=== Section Start ===
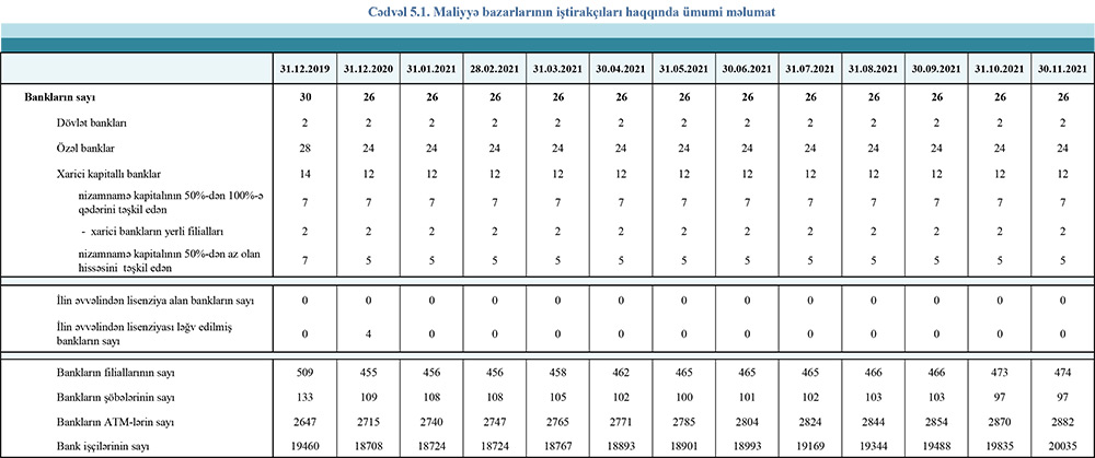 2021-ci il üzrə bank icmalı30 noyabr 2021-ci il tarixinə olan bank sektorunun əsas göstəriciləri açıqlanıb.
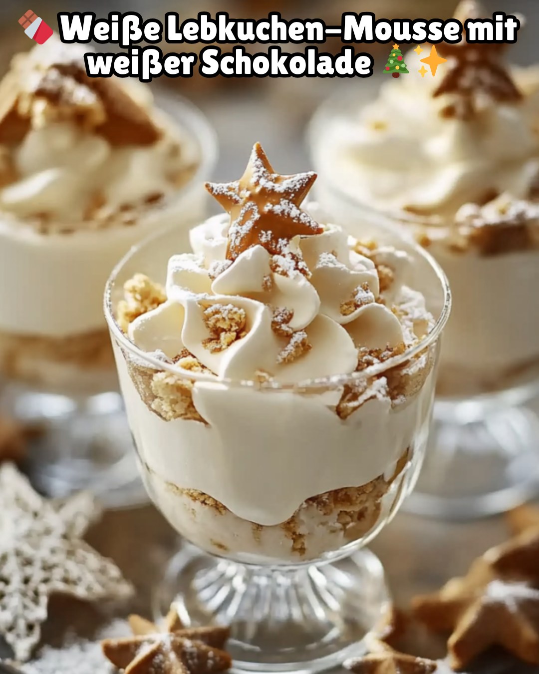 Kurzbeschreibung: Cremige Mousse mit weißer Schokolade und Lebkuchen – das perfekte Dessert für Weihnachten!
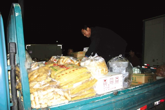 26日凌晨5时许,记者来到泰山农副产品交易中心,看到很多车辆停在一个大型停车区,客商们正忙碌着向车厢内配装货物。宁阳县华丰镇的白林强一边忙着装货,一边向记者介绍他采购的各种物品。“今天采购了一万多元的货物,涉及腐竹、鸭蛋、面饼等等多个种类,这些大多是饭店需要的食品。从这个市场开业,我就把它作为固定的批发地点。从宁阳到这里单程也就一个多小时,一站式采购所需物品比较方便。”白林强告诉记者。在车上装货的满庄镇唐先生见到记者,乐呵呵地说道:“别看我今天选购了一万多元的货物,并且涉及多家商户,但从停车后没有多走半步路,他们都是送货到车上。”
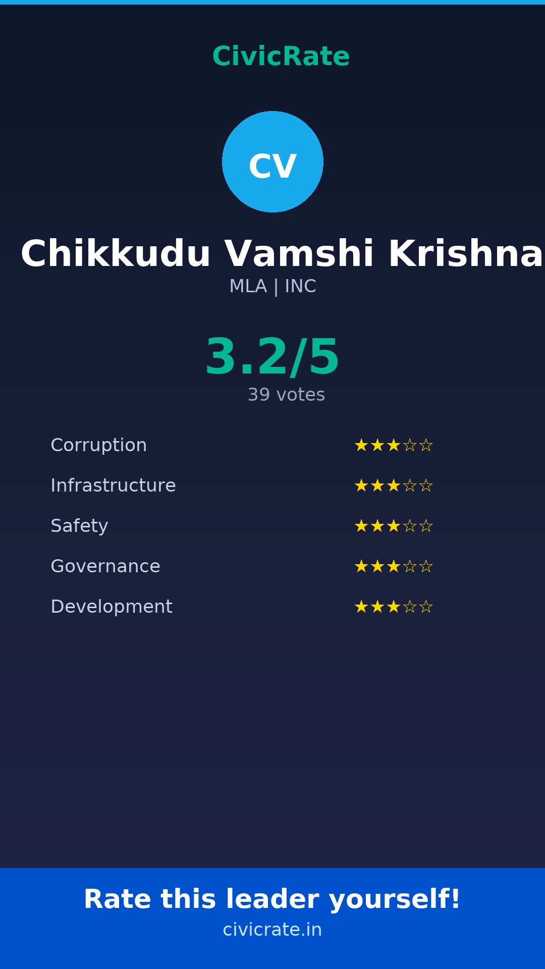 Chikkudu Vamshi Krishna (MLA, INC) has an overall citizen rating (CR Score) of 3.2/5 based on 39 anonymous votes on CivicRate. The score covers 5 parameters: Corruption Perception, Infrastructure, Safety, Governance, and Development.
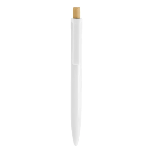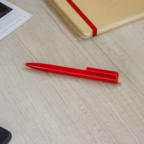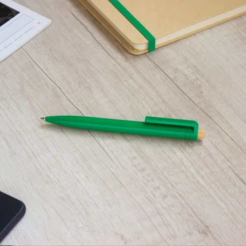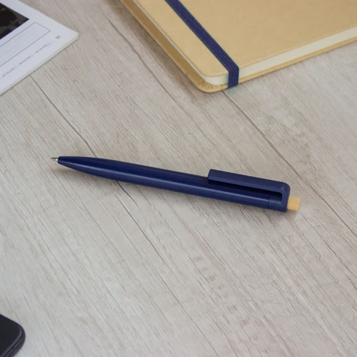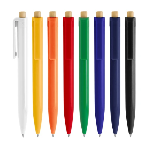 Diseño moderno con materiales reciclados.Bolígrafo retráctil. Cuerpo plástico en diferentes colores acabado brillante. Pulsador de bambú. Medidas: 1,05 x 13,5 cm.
=== Section End ===
# Work instruction
Please output exactly the lines of the data above, from its first line through the line with "Chikkudu Vamshi Krishna", and nothing else; drop the pictures.

# Written response
 2021-ci il üzrə bank icmalı30 noyabr 2021-ci il tarixinə olan bank sektorunun əsas göstəriciləri açıqlanıb.
 Kurzbeschreibung: Cremige Mousse mit weißer Schokolade und Lebkuchen – das perfekte Dessert für Weihnachten!
 26日凌晨5时许,记者来到泰山农副产品交易中心,看到很多车辆停在一个大型停车区,客商们正忙碌着向车厢内配装货物。宁阳县华丰镇的白林强一边忙着装货,一边向记者介绍他采购的各种物品。“今天采购了一万多元的货物,涉及腐竹、鸭蛋、面饼等等多个种类,这些大多是饭店需要的食品。从这个市场开业,我就把它作为固定的批发地点。从宁阳到这里单程也就一个多小时,一站式采购所需物品比较方便。”白林强告诉记者。在车上装货的满庄镇唐先生见到记者,乐呵呵地说道:“别看我今天选购了一万多元的货物,并且涉及多家商户,但从停车后没有多走半步路,他们都是送货到车上。”
 Chikkudu Vamshi Krishna (MLA, INC) has an overall citizen rating (CR Score) of 3.2/5 based on 39 anonymous votes on CivicRate. The score covers 5 parameters: Corruption Perception, Infrastructure, Safety, Governance, and Development.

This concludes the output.